New federal guidelines that limit how and when race, ethnicity and cultural background may be used to determine a child’s adoptive or foster care placement are now in effect. Signed into law by President Clinton, the Multiethnic Placement Act (MEPA), eliminates policies that favor same-race placements.
Controversial since its inception, MEPA covers all adoptive and foster care agencies that directly or indirectly receive federal funds. The goals of MEPA are to decrease the time children wait to be adopted, prevent discrimination in the placement of children on the basis of race, color or national origin, and ensure agency recruitment of a pool of foster and adoptive parents who reflect the racial and ethnic diversity of waiting children.

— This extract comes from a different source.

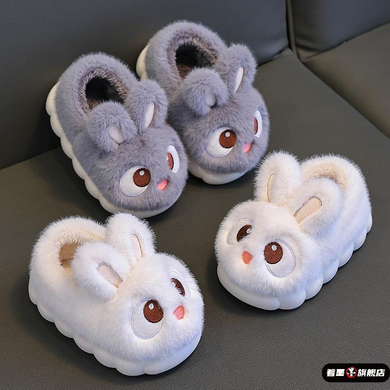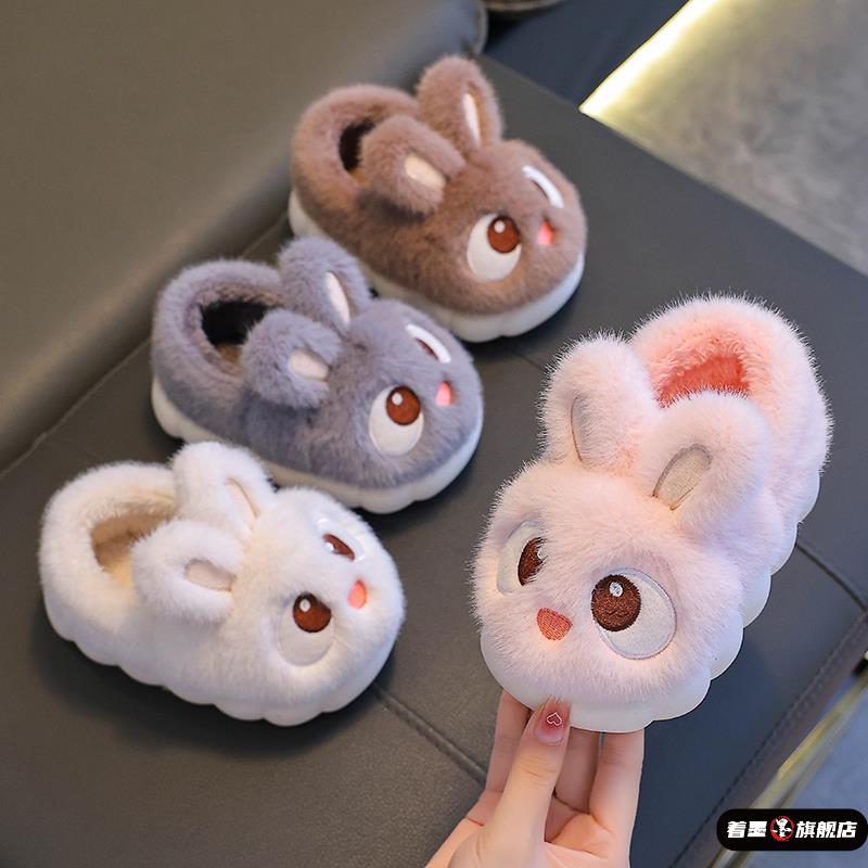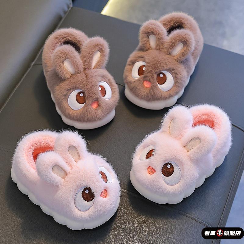 幼儿女童室内毛毛拖鞋 儿童棉拖鞋 宝宝棉鞋 家居鞋 包跟可外穿冬季
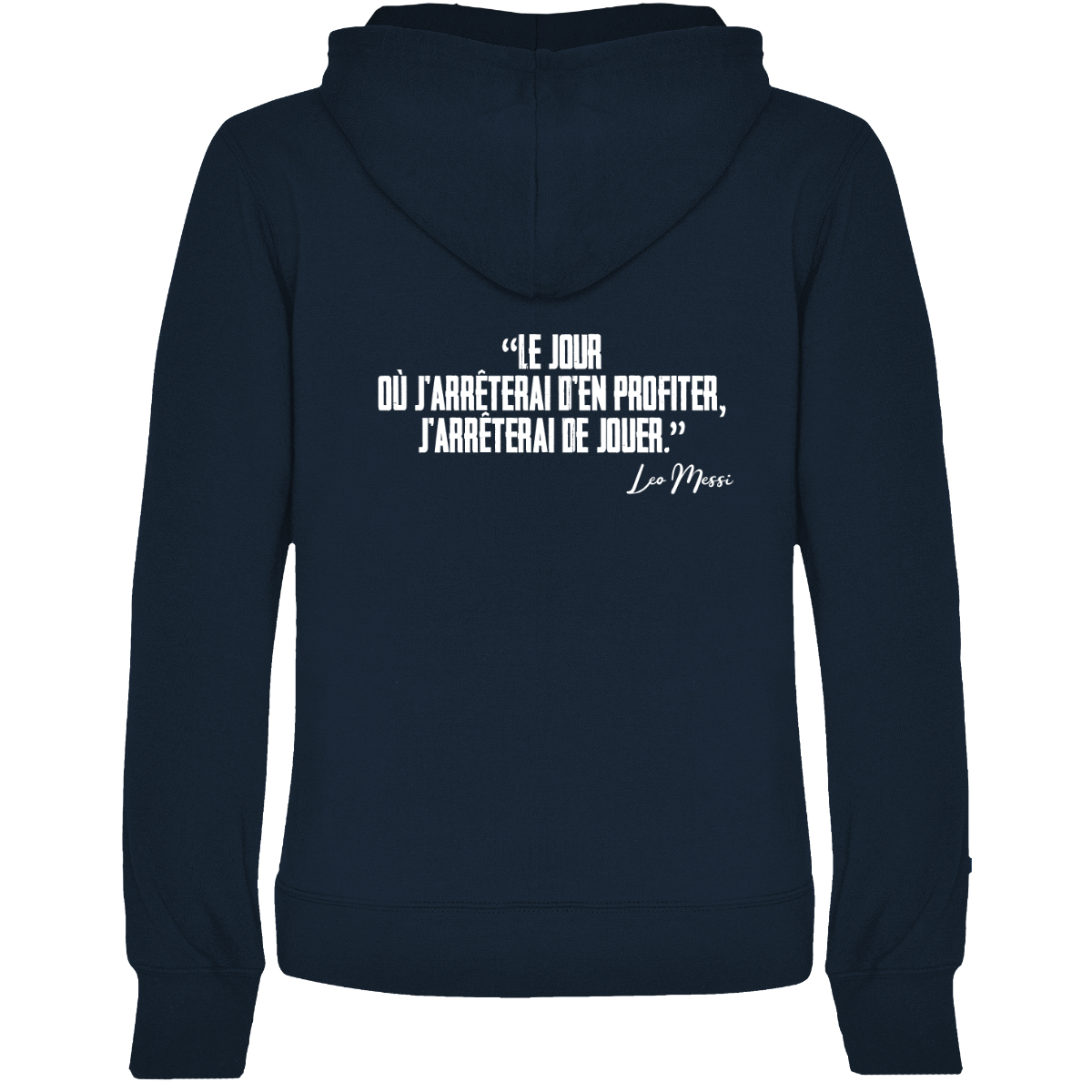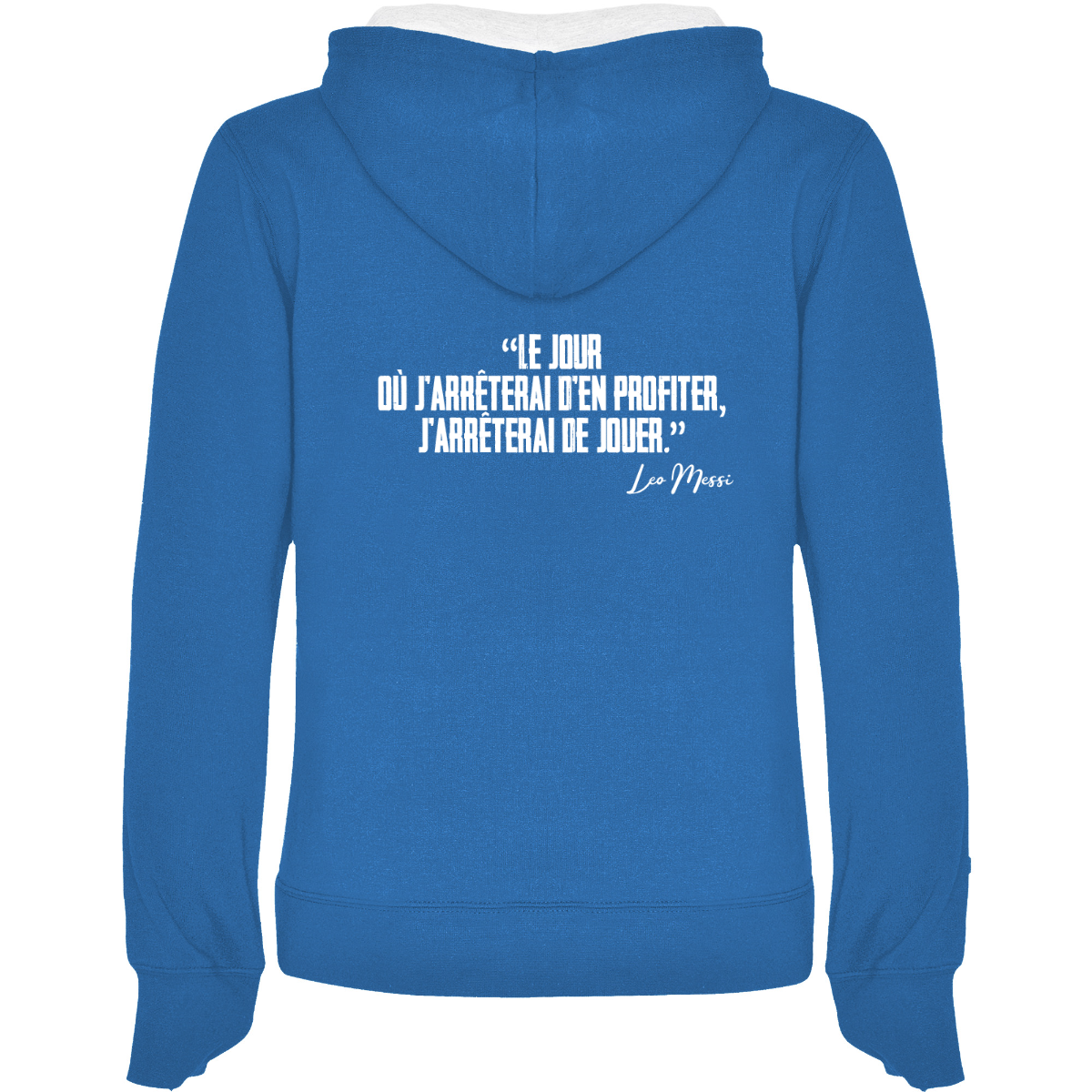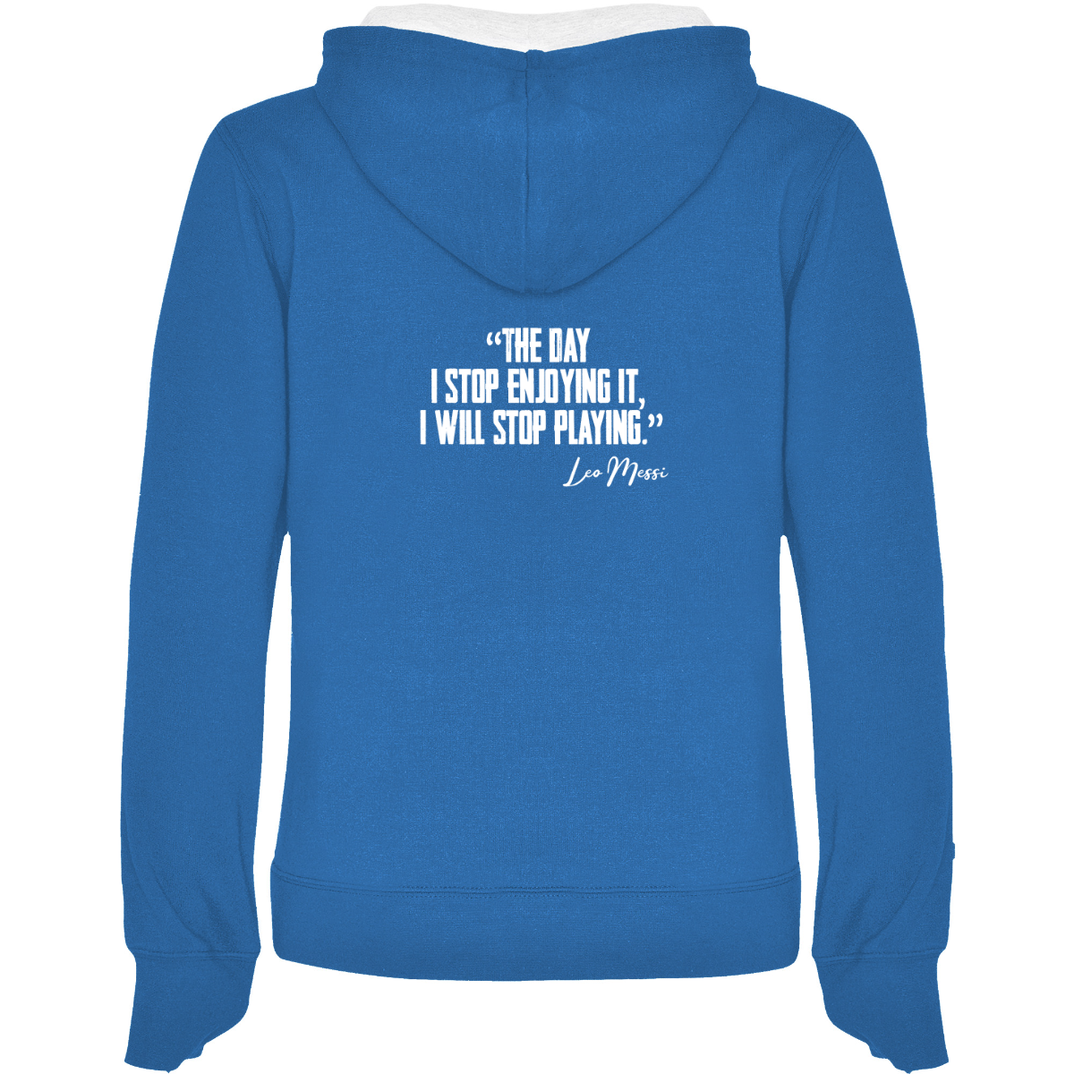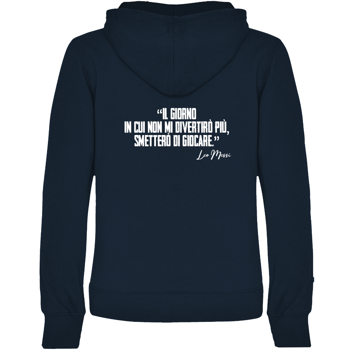 Felpa con cappuccio, anche  bicolore, tessuto doppio, con cordone regolabile. Tasca frontale. Costine 1x1 su polsini e girovita. 50% cotone / 50% poliestere, interno felpato, 280 g/m².

In New York State, 87% of nearly 54,000 children in foster care are minorities. About 3,500 foster children are free for adoption and awaiting an adoptive family. An additional 10,062 foster children have the goal of adoption but are not yet legally free for adoption.
Regulations that favored same-race placements needed to be amended or repealed, according to Brenda Rivera, Adoption Specialist for the Bureau of Policy Planning of the NYS Division of Services and Community Development. “In New York State our policy was preference of same race placement,” said Rivera. “Now, to be in compliance with MEPA, the consideration of race will be on an individual, case-by-case basis.”
NYS Department of Social Services Regulation 421.18 now states, “When making placement decisions, an authorized agency may consider the cultural, ethnic or racial background of the child and the capacity of the adoptive parent to meet the needs of the child with such a background as one of a number of factors used to determine best interests. Race, color or national origin of the child or adoptive parent may be considered only where it can be demonstrated to relate to the specific needs of an individual child.”
Rivera has already provided training sessions on MEPA in Upstate New York Regions 1, 2, and 3 and in New York City with regional staff and adoption and foster care specialists. Additional trainings will be held throughout 1996. Questions still remain as to whether and how the federal government will monitor MEPA’s impact. A system is not yet in place to track the placements made under MEPA or to determine the effect it has on the lives of children it is meant to help.
This was originally printed in the Coalition Voice, winter 1996.